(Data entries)
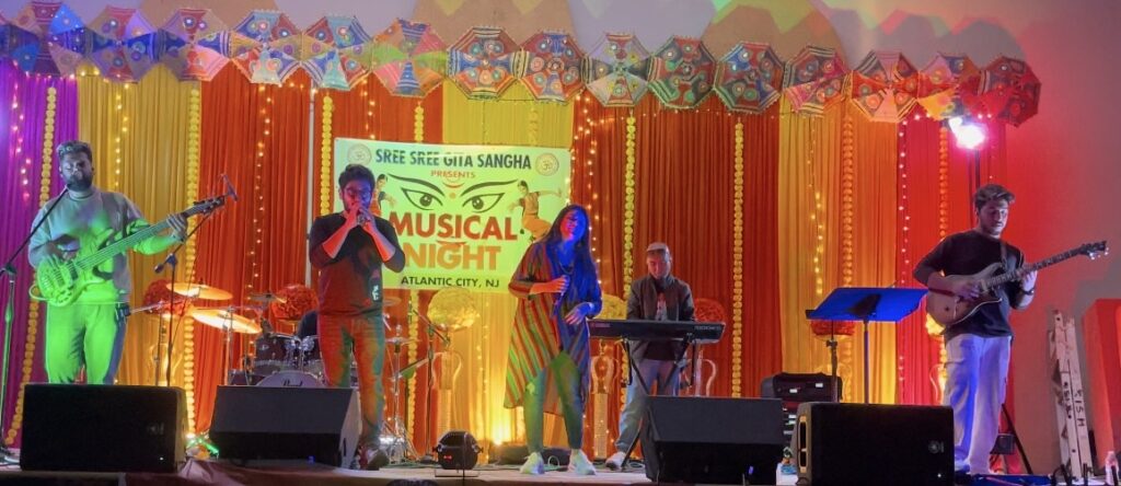 হ-বাংলা নিউজ: আটলান্টিক সিটি থেকে সুব্রত চৌধুরী যুক্তরাষ্ট্রের নিউজারসি অঙ্গরাজ্যের সাউথ জার্সিতে গত ২২ অক্টোবর, মংগলবার শ্রী শ্রী গীতা সংঘের উদ্যোগে পোমনাস্থ বৈকুন্ঠ হিন্দু জৈন মন্দিরের মিলনায়তনে আয়োজন করা হয়েছিল মনোজ্ঞ সংগীত রজনীর।সন্ধ্যা নামতেই প্রবাসী সংগীত পিপাসুদের সব পথ গিয়ে যেন মিশেছিল বৈকুন্ঠ হিন্দু জৈন মন্দিরের মিলনায়তনে।সংগীত অনুষ্ঠান শুরু হওয়ার আগেই মিলনায়তন কানায় কানায় পূর্ণ হয়ে উঠেছিল।
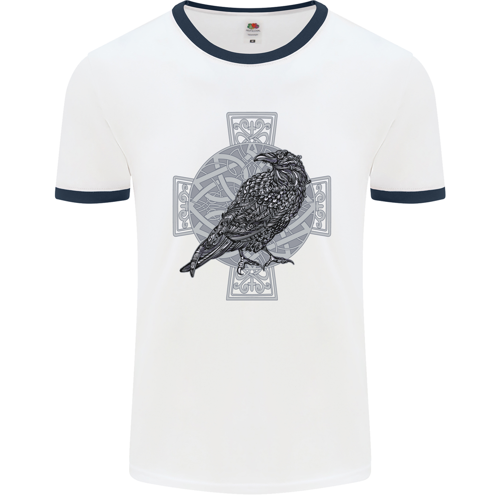 Embrace the ancient mystique of the Celts with our Odin Celtic Raven Viking Tattoo Cross Runic Men's Ringer T-Shirt. This striking tee combines traditional Celtic symbolism with a modern design twist, perfect for those who are drawn to both history and style.
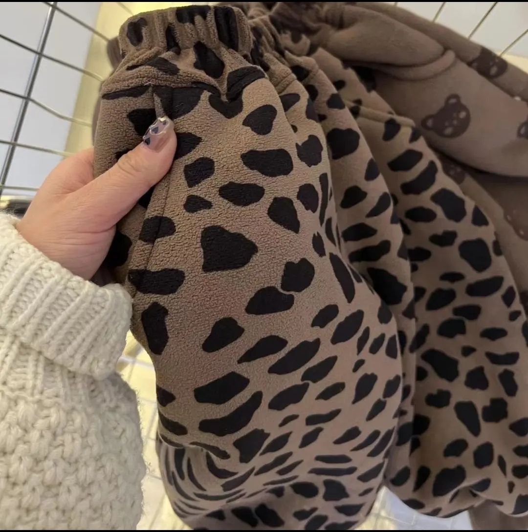 冬のおでかけもぬくぬく快適な子どもサルエルパンツ くま柄&レオパード 裏ボアフリース 80–130cm
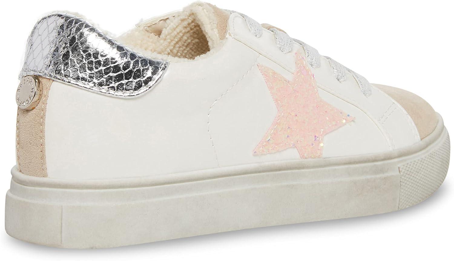 Introducing the Steve Madden Girls' Shoes Rezume Fashion Sneaker – the perfect addition to your little fashionista's wardrobe! These stylish and comfortable sneakers are designed to keep up with her active lifestyle while adding a touch of flair to her outfits. Crafted with high-quality materials, these fashion sneakers feature a durable synthetic upper that's designed to withstand the wear and tear of everyday use. The lace-up and velcro closure options provide a secure and customized fit, while the cushioned footbed ensures all-day comfort. The Steve Madden Kids Rezume Fashion Sneaker boasts a sleek and modern design that's sure to turn heads. This classic silhoette comes in a variety of color options featuring glitter and metallic detailing, creating a chic and edgy look that's perfect for any occasion. The versatile design pairs well with jeans, leggings, dresses, and more, making it a must-have in any stylish girl's closet. Whether she's running around the playground or hanging out with friends, the Steve Madden Girls' Shoes Rezume Fashion Sneaker will keep her looking and feeling her best. So why wait? Add these sneakers to your cart today and let your little one step out in style!
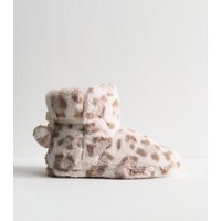 The New Look Cream Animal Print Faux Fur Slipper Boots is available in sizes M.
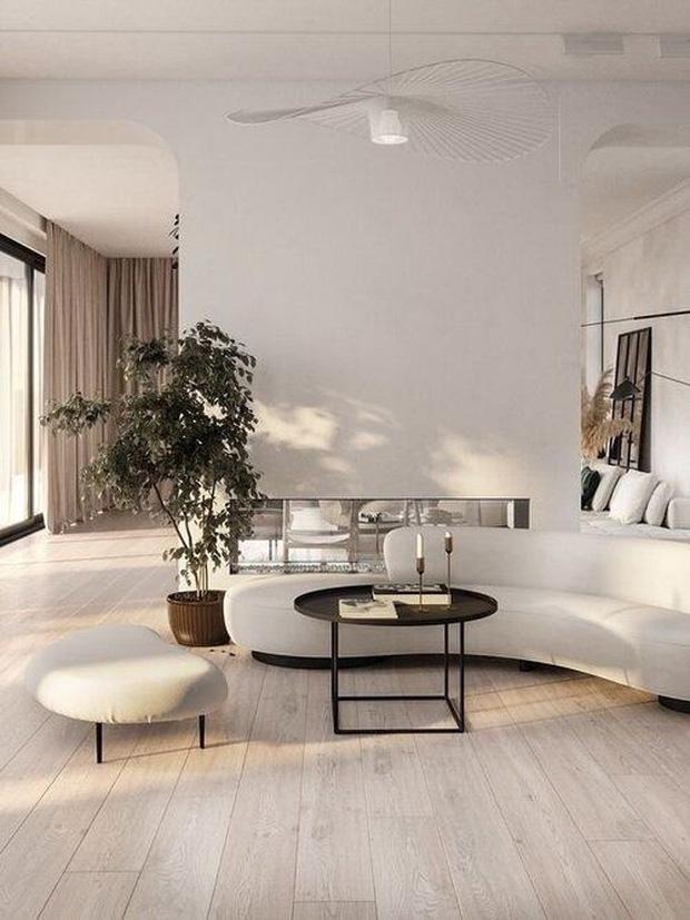 Phòng khách được thiết kế hoàn toàn bằng những tông màu "trendy" đem lại cảm giác ấm áp và gần gũi vô cùng (Nguồn: Pinterest)

## [PROBLEM DESCRIPTION]
Restate the entries above word for word, and keep the pictures out.

## [SOLUTION BELOW]
 হ-বাংলা নিউজ: আটলান্টিক সিটি থেকে সুব্রত চৌধুরী যুক্তরাষ্ট্রের নিউজারসি অঙ্গরাজ্যের সাউথ জার্সিতে গত ২২ অক্টোবর, মংগলবার শ্রী শ্রী গীতা সংঘের উদ্যোগে পোমনাস্থ বৈকুন্ঠ হিন্দু জৈন মন্দিরের মিলনায়তনে আয়োজন করা হয়েছিল মনোজ্ঞ সংগীত রজনীর।সন্ধ্যা নামতেই প্রবাসী সংগীত পিপাসুদের সব পথ গিয়ে যেন মিশেছিল বৈকুন্ঠ হিন্দু জৈন মন্দিরের মিলনায়তনে।সংগীত অনুষ্ঠান শুরু হওয়ার আগেই মিলনায়তন কানায় কানায় পূর্ণ হয়ে উঠেছিল।
 Embrace the ancient mystique of the Celts with our Odin Celtic Raven Viking Tattoo Cross Runic Men's Ringer T-Shirt. This striking tee combines traditional Celtic symbolism with a modern design twist, perfect for those who are drawn to both history and style.
 冬のおでかけもぬくぬく快適な子どもサルエルパンツ くま柄&レオパード 裏ボアフリース 80–130cm
 Introducing the Steve Madden Girls' Shoes Rezume Fashion Sneaker – the perfect addition to your little fashionista's wardrobe! These stylish and comfortable sneakers are designed to keep up with her active lifestyle while adding a touch of flair to her outfits. Crafted with high-quality materials, these fashion sneakers feature a durable synthetic upper that's designed to withstand the wear and tear of everyday use. The lace-up and velcro closure options provide a secure and customized fit, while the cushioned footbed ensures all-day comfort. The Steve Madden Kids Rezume Fashion Sneaker boasts a sleek and modern design that's sure to turn heads. This classic silhoette comes in a variety of color options featuring glitter and metallic detailing, creating a chic and edgy look that's perfect for any occasion. The versatile design pairs well with jeans, leggings, dresses, and more, making it a must-have in any stylish girl's closet. Whether she's running around the playground or hanging out with friends, the Steve Madden Girls' Shoes Rezume Fashion Sneaker will keep her looking and feeling her best. So why wait? Add these sneakers to your cart today and let your little one step out in style!
 The New Look Cream Animal Print Faux Fur Slipper Boots is available in sizes M.
 Phòng khách được thiết kế hoàn toàn bằng những tông màu "trendy" đem lại cảm giác ấm áp và gần gũi vô cùng (Nguồn: Pinterest)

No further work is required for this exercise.